Task prompt:
Nothing in the data should change when you return it, but leave the pictures out.

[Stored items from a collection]

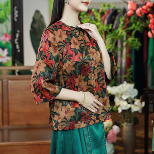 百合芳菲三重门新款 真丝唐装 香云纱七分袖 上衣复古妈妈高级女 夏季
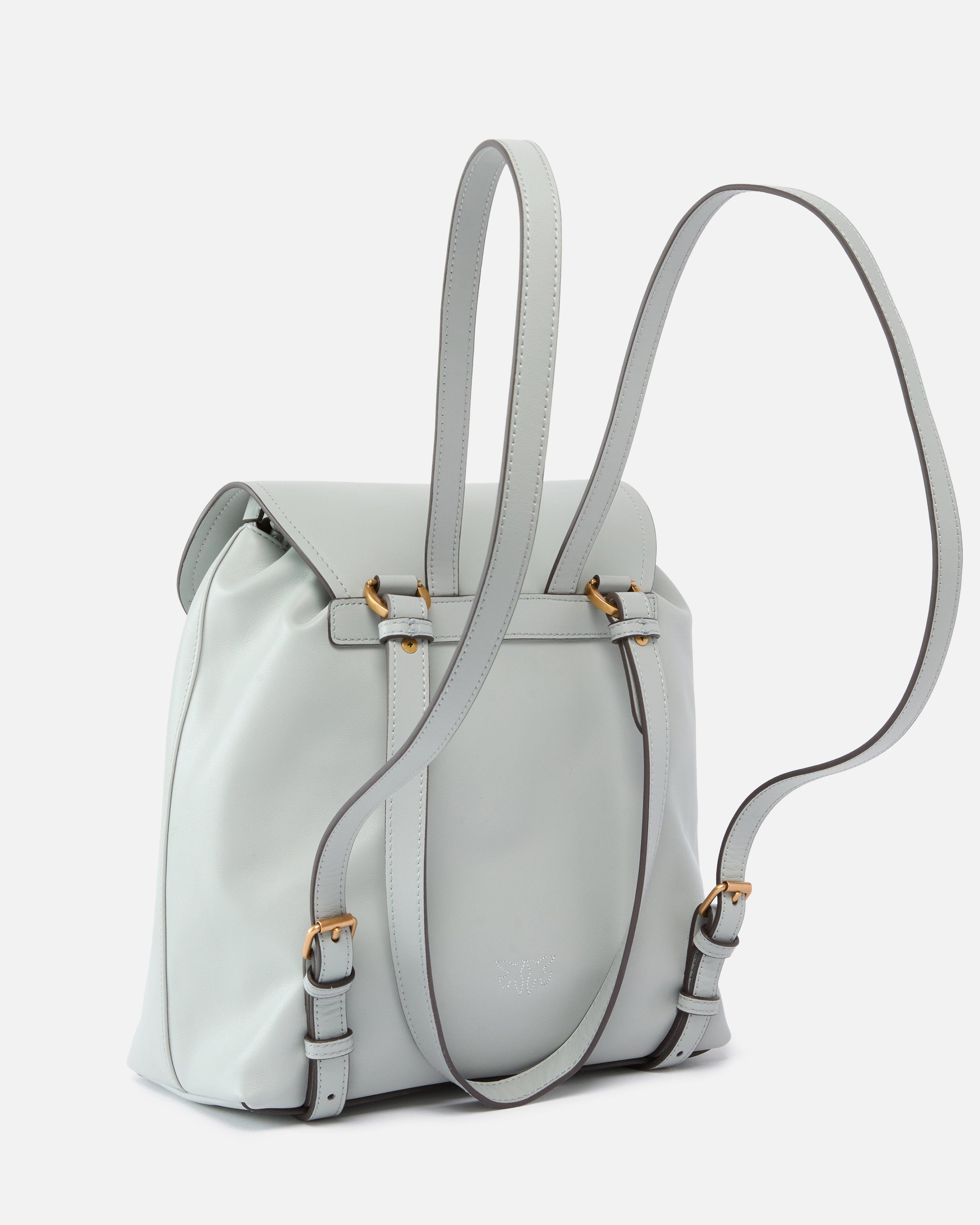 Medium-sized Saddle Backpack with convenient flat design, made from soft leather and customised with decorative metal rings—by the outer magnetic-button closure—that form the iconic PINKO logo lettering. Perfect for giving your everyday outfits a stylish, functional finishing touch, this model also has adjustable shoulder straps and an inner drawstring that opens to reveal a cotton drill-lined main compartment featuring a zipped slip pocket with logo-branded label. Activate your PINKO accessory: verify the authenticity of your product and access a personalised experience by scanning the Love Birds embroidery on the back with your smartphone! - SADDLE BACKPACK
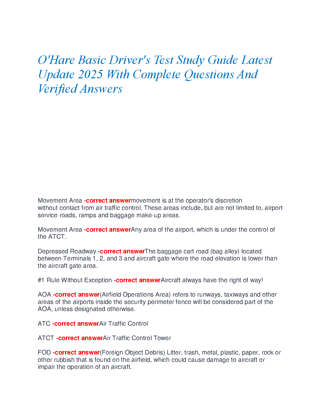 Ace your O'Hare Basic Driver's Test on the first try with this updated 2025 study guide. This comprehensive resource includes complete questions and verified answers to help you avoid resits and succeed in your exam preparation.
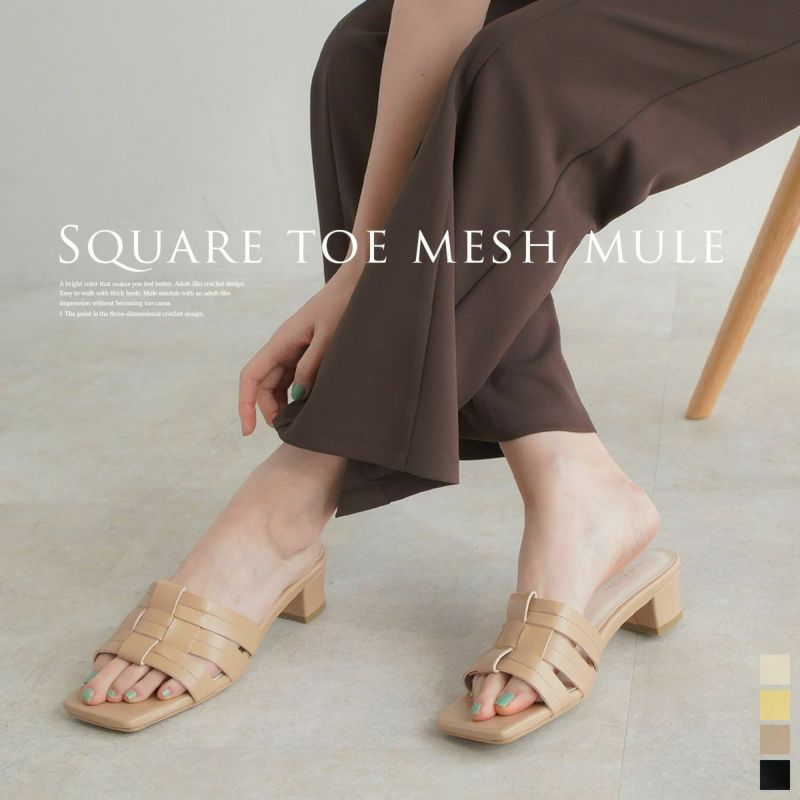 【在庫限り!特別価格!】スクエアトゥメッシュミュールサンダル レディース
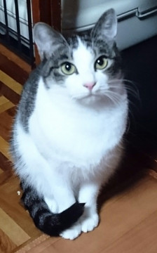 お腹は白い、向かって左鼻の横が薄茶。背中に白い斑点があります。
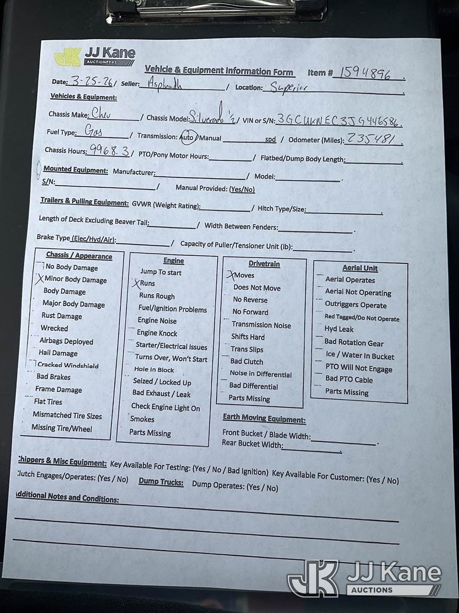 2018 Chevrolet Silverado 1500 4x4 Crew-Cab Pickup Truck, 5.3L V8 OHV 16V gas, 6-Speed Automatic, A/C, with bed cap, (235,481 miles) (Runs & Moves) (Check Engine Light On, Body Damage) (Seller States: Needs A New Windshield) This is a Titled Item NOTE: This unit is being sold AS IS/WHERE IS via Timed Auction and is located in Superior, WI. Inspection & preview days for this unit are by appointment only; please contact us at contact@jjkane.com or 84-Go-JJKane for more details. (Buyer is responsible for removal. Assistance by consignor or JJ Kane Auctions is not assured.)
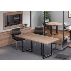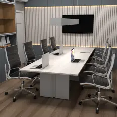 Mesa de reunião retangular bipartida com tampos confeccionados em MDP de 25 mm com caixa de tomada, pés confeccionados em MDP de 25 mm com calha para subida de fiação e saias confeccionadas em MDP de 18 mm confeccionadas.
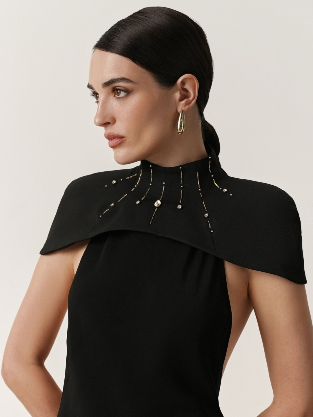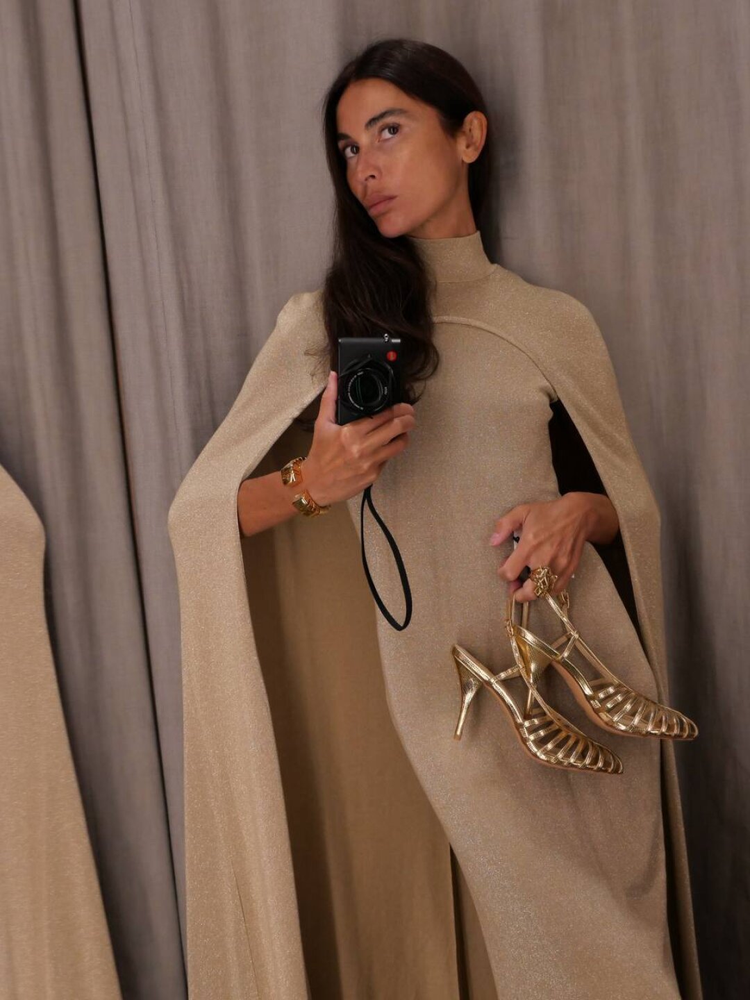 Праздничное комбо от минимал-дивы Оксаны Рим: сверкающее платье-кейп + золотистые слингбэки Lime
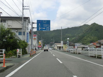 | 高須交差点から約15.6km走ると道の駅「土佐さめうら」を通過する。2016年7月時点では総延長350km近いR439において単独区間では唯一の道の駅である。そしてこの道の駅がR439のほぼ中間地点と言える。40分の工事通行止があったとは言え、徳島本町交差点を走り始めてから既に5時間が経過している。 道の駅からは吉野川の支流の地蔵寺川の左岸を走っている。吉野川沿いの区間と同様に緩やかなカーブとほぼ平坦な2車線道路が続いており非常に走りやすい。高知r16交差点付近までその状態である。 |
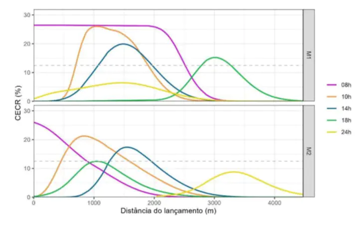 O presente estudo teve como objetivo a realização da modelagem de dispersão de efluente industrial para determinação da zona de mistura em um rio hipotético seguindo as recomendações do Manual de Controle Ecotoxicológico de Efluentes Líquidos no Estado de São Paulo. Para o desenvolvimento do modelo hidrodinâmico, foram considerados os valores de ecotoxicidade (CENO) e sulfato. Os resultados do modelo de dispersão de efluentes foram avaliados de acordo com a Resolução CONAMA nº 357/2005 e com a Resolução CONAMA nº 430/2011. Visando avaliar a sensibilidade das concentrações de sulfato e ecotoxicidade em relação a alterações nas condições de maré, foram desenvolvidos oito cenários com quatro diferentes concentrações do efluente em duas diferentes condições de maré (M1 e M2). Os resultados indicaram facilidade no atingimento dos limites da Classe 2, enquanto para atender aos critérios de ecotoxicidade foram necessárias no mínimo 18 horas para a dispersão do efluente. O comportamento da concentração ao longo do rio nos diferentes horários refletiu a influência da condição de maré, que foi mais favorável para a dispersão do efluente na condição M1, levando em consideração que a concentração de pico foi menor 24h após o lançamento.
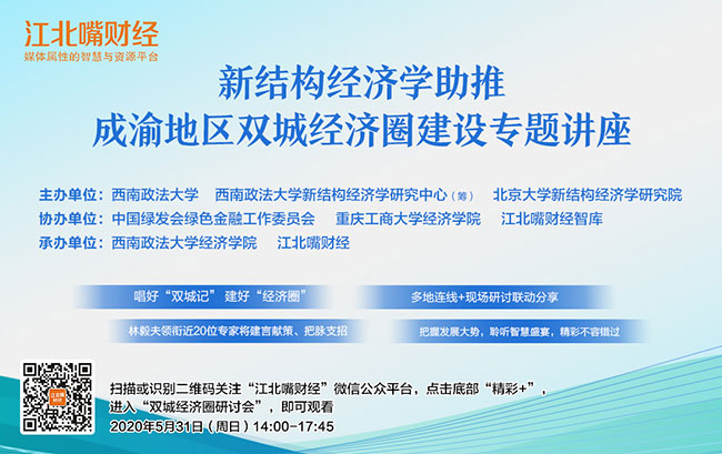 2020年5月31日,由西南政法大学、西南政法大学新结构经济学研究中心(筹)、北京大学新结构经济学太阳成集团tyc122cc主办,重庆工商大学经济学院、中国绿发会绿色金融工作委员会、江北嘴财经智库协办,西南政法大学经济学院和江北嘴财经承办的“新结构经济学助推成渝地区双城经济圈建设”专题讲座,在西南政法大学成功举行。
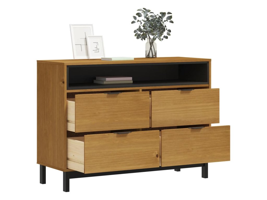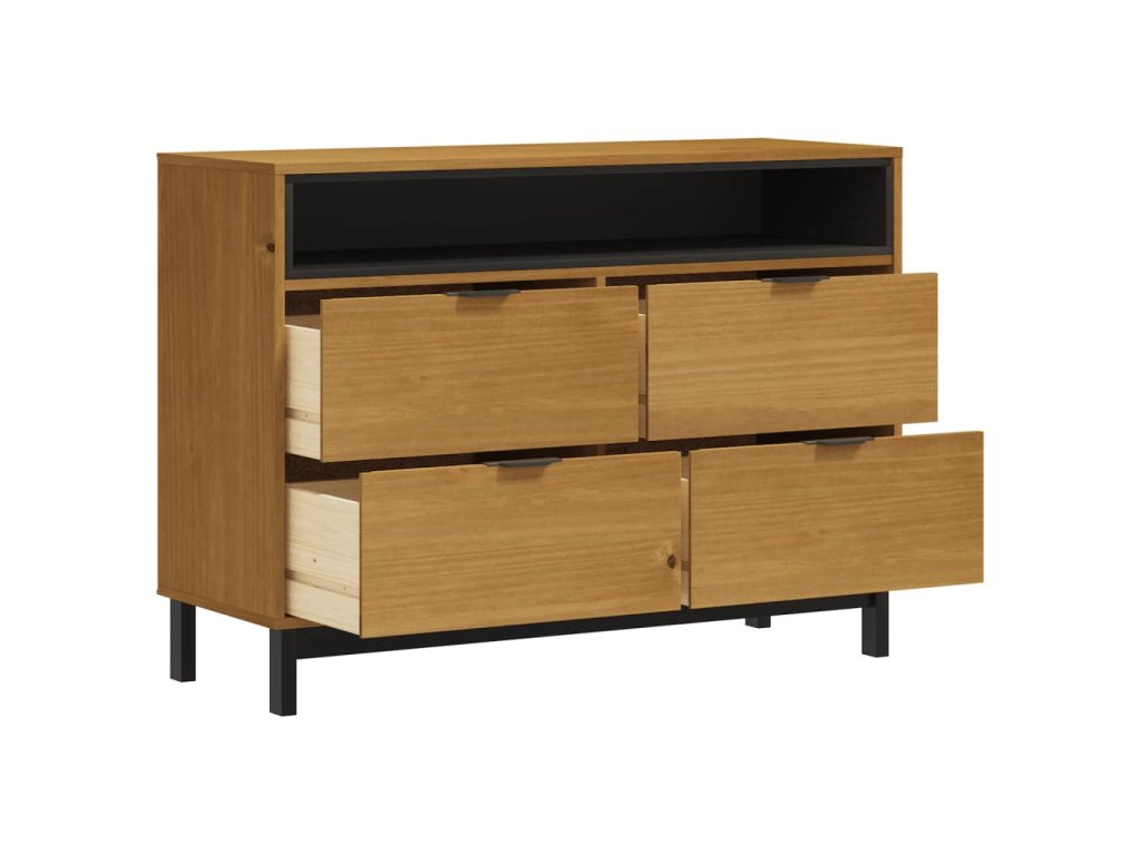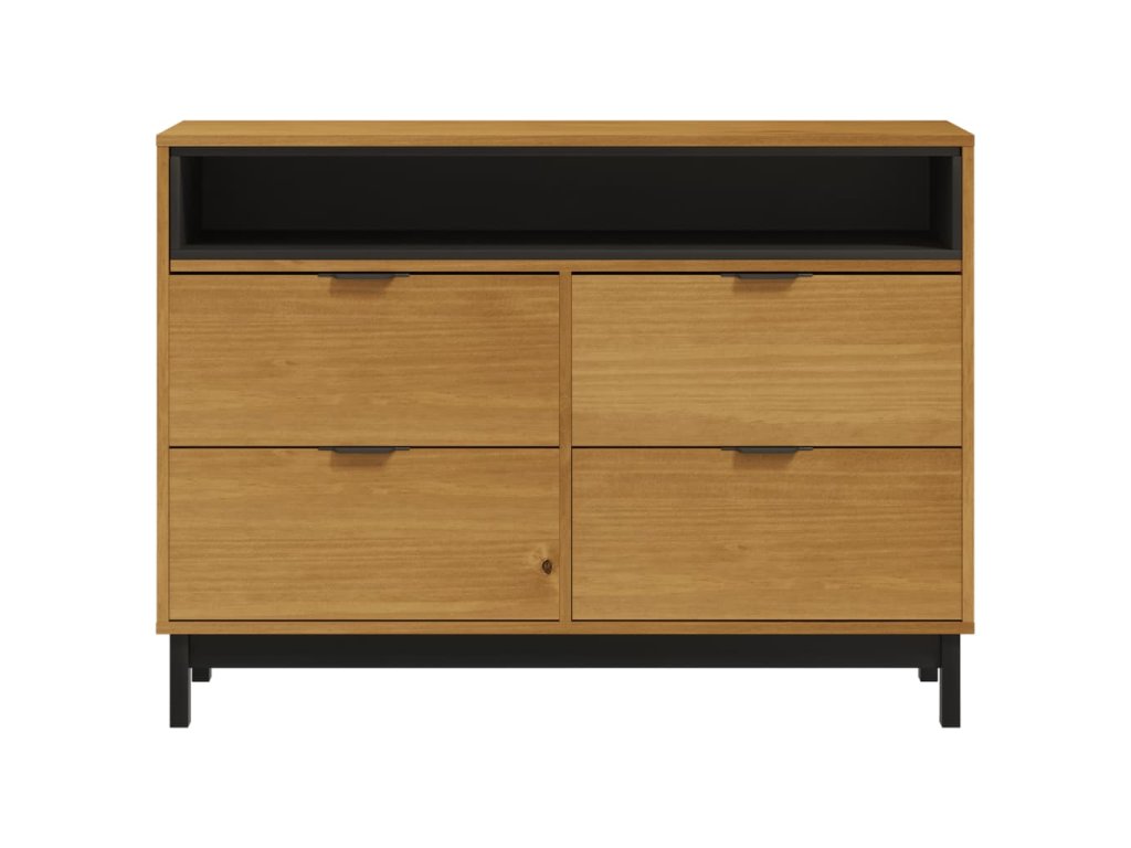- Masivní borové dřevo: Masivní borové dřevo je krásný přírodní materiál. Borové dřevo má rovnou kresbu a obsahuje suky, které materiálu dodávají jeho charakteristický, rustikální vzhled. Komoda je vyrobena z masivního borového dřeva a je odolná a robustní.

Solution for this exercise:
 百合芳菲三重门新款 真丝唐装 香云纱七分袖 上衣复古妈妈高级女 夏季
 Medium-sized Saddle Backpack with convenient flat design, made from soft leather and customised with decorative metal rings—by the outer magnetic-button closure—that form the iconic PINKO logo lettering. Perfect for giving your everyday outfits a stylish, functional finishing touch, this model also has adjustable shoulder straps and an inner drawstring that opens to reveal a cotton drill-lined main compartment featuring a zipped slip pocket with logo-branded label. Activate your PINKO accessory: verify the authenticity of your product and access a personalised experience by scanning the Love Birds embroidery on the back with your smartphone! - SADDLE BACKPACK
 Ace your O'Hare Basic Driver's Test on the first try with this updated 2025 study guide. This comprehensive resource includes complete questions and verified answers to help you avoid resits and succeed in your exam preparation.
 【在庫限り!特別価格!】スクエアトゥメッシュミュールサンダル レディース
 お腹は白い、向かって左鼻の横が薄茶。背中に白い斑点があります。
 2018 Chevrolet Silverado 1500 4x4 Crew-Cab Pickup Truck, 5.3L V8 OHV 16V gas, 6-Speed Automatic, A/C, with bed cap, (235,481 miles) (Runs & Moves) (Check Engine Light On, Body Damage) (Seller States: Needs A New Windshield) This is a Titled Item NOTE: This unit is being sold AS IS/WHERE IS via Timed Auction and is located in Superior, WI. Inspection & preview days for this unit are by appointment only; please contact us at contact@jjkane.com or 84-Go-JJKane for more details. (Buyer is responsible for removal. Assistance by consignor or JJ Kane Auctions is not assured.)
 Mesa de reunião retangular bipartida com tampos confeccionados em MDP de 25 mm com caixa de tomada, pés confeccionados em MDP de 25 mm com calha para subida de fiação e saias confeccionadas em MDP de 18 mm confeccionadas.
 Праздничное комбо от минимал-дивы Оксаны Рим: сверкающее платье-кейп + золотистые слингбэки Lime
 | 高須交差点から約15.6km走ると道の駅「土佐さめうら」を通過する。2016年7月時点では総延長350km近いR439において単独区間では唯一の道の駅である。そしてこの道の駅がR439のほぼ中間地点と言える。40分の工事通行止があったとは言え、徳島本町交差点を走り始めてから既に5時間が経過している。 道の駅からは吉野川の支流の地蔵寺川の左岸を走っている。吉野川沿いの区間と同様に緩やかなカーブとほぼ平坦な2車線道路が続いており非常に走りやすい。高知r16交差点付近までその状態である。 |
 O presente estudo teve como objetivo a realização da modelagem de dispersão de efluente industrial para determinação da zona de mistura em um rio hipotético seguindo as recomendações do Manual de Controle Ecotoxicológico de Efluentes Líquidos no Estado de São Paulo. Para o desenvolvimento do modelo hidrodinâmico, foram considerados os valores de ecotoxicidade (CENO) e sulfato. Os resultados do modelo de dispersão de efluentes foram avaliados de acordo com a Resolução CONAMA nº 357/2005 e com a Resolução CONAMA nº 430/2011. Visando avaliar a sensibilidade das concentrações de sulfato e ecotoxicidade em relação a alterações nas condições de maré, foram desenvolvidos oito cenários com quatro diferentes concentrações do efluente em duas diferentes condições de maré (M1 e M2). Os resultados indicaram facilidade no atingimento dos limites da Classe 2, enquanto para atender aos critérios de ecotoxicidade foram necessárias no mínimo 18 horas para a dispersão do efluente. O comportamento da concentração ao longo do rio nos diferentes horários refletiu a influência da condição de maré, que foi mais favorável para a dispersão do efluente na condição M1, levando em consideração que a concentração de pico foi menor 24h após o lançamento.
 2020年5月31日,由西南政法大学、西南政法大学新结构经济学研究中心(筹)、北京大学新结构经济学太阳成集团tyc122cc主办,重庆工商大学经济学院、中国绿发会绿色金融工作委员会、江北嘴财经智库协办,西南政法大学经济学院和江北嘴财经承办的“新结构经济学助推成渝地区双城经济圈建设”专题讲座,在西南政法大学成功举行。
- Masivní borové dřevo: Masivní borové dřevo je krásný přírodní materiál. Borové dřevo má rovnou kresbu a obsahuje suky, které materiálu dodávají jeho charakteristický, rustikální vzhled. Komoda je vyrobena z masivního borového dřeva a je odolná a robustní.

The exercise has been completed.